→ What you need to do: Would you repeat exactly the part of the listing below that runs from the line containing "pollinators 之间的进化智慧。最新发表在《Science Advances》上的研究揭示:花朵的光泽是一把" down to the line containing "The hitch hiker's", inclusive, and nothing else?

→ Records for processing:

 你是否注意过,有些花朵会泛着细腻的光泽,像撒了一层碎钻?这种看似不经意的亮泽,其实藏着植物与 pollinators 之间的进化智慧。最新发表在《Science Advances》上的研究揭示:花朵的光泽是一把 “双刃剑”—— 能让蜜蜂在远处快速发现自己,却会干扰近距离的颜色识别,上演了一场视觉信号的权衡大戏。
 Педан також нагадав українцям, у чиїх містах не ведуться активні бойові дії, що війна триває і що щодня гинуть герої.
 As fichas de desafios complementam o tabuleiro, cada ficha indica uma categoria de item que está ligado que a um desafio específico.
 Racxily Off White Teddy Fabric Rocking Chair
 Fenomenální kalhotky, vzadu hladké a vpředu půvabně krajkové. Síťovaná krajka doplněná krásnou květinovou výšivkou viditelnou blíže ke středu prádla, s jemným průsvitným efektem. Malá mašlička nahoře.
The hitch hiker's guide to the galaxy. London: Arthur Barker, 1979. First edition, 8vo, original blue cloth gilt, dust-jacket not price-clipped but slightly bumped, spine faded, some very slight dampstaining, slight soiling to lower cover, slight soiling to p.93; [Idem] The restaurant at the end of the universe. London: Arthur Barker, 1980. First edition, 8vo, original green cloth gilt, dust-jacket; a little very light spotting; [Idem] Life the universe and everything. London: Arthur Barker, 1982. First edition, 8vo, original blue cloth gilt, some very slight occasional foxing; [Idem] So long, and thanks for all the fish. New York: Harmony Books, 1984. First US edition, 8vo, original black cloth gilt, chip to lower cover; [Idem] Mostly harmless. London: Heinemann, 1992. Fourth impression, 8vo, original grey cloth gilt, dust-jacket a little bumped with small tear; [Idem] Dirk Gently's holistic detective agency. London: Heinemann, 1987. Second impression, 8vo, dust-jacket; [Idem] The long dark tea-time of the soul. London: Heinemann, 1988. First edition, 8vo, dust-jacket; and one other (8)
--
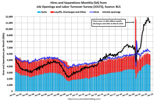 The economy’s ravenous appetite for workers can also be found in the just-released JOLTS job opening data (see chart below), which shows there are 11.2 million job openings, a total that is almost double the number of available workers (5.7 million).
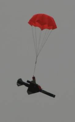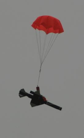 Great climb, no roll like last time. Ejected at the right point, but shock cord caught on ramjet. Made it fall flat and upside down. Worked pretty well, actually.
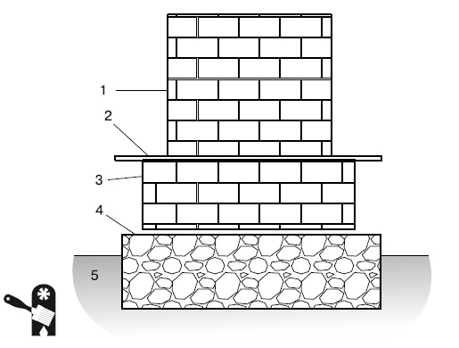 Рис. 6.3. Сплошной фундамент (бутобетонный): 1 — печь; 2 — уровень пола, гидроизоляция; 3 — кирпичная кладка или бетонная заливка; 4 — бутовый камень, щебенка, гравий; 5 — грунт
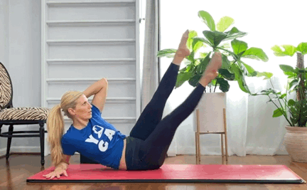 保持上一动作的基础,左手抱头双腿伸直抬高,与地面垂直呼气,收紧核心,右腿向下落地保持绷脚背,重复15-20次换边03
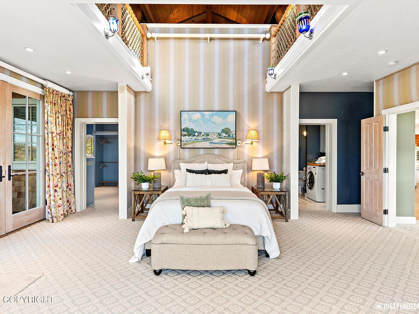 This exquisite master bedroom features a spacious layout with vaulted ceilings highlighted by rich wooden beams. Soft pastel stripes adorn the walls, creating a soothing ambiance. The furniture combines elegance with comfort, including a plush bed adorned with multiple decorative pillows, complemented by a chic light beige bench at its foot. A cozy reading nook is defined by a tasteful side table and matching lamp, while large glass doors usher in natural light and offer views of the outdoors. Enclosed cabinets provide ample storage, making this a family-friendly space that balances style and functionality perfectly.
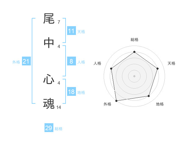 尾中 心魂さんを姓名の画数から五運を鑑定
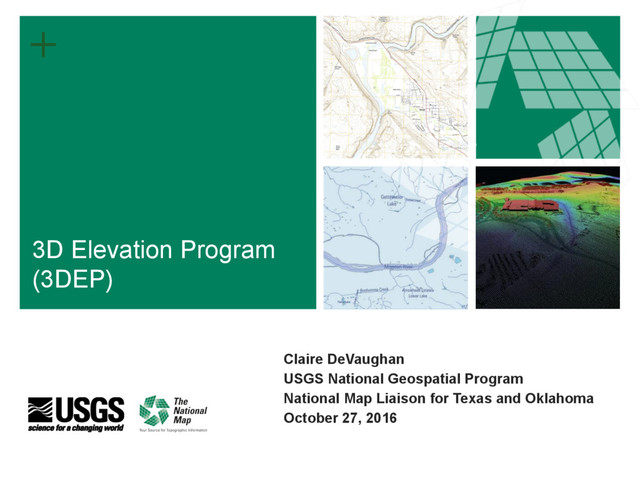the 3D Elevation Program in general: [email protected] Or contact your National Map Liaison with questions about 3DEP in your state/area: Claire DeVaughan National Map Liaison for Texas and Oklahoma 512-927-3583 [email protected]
---
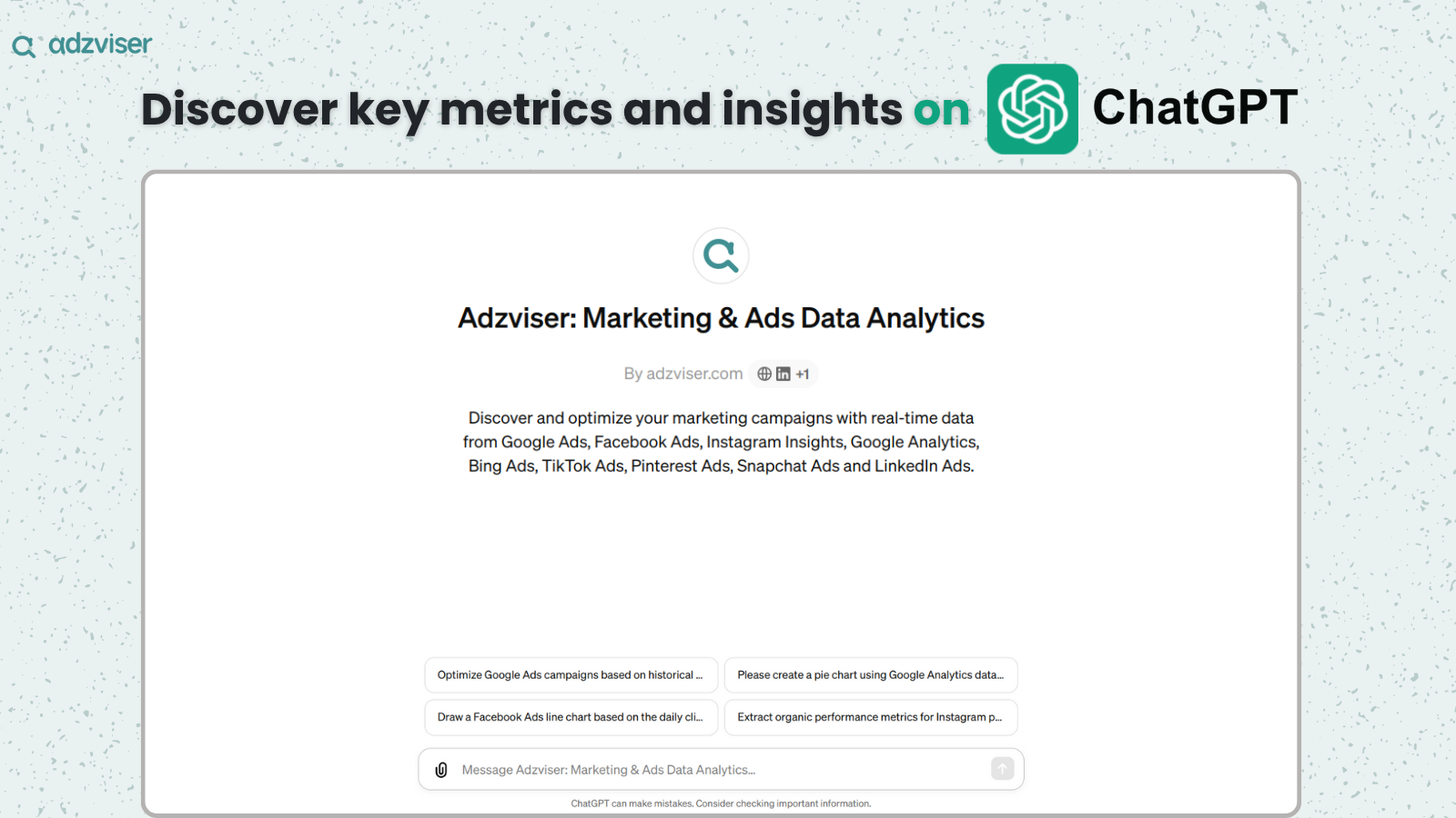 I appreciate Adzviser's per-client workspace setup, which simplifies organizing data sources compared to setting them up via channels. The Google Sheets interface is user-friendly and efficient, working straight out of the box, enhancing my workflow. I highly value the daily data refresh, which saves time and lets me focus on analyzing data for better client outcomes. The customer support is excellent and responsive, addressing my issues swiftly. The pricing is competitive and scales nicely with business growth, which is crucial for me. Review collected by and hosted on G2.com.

→ Reply:
 你是否注意过,有些花朵会泛着细腻的光泽,像撒了一层碎钻?这种看似不经意的亮泽,其实藏着植物与 pollinators 之间的进化智慧。最新发表在《Science Advances》上的研究揭示:花朵的光泽是一把 “双刃剑”—— 能让蜜蜂在远处快速发现自己,却会干扰近距离的颜色识别,上演了一场视觉信号的权衡大戏。
 Педан також нагадав українцям, у чиїх містах не ведуться активні бойові дії, що війна триває і що щодня гинуть герої.
 As fichas de desafios complementam o tabuleiro, cada ficha indica uma categoria de item que está ligado que a um desafio específico.
 Racxily Off White Teddy Fabric Rocking Chair
 Fenomenální kalhotky, vzadu hladké a vpředu půvabně krajkové. Síťovaná krajka doplněná krásnou květinovou výšivkou viditelnou blíže ke středu prádla, s jemným průsvitným efektem. Malá mašlička nahoře.
The hitch hiker's guide to the galaxy. London: Arthur Barker, 1979. First edition, 8vo, original blue cloth gilt, dust-jacket not price-clipped but slightly bumped, spine faded, some very slight dampstaining, slight soiling to lower cover, slight soiling to p.93; [Idem] The restaurant at the end of the universe. London: Arthur Barker, 1980. First edition, 8vo, original green cloth gilt, dust-jacket; a little very light spotting; [Idem] Life the universe and everything. London: Arthur Barker, 1982. First edition, 8vo, original blue cloth gilt, some very slight occasional foxing; [Idem] So long, and thanks for all the fish. New York: Harmony Books, 1984. First US edition, 8vo, original black cloth gilt, chip to lower cover; [Idem] Mostly harmless. London: Heinemann, 1992. Fourth impression, 8vo, original grey cloth gilt, dust-jacket a little bumped with small tear; [Idem] Dirk Gently's holistic detective agency. London: Heinemann, 1987. Second impression, 8vo, dust-jacket; [Idem] The long dark tea-time of the soul. London: Heinemann, 1988. First edition, 8vo, dust-jacket; and one other (8)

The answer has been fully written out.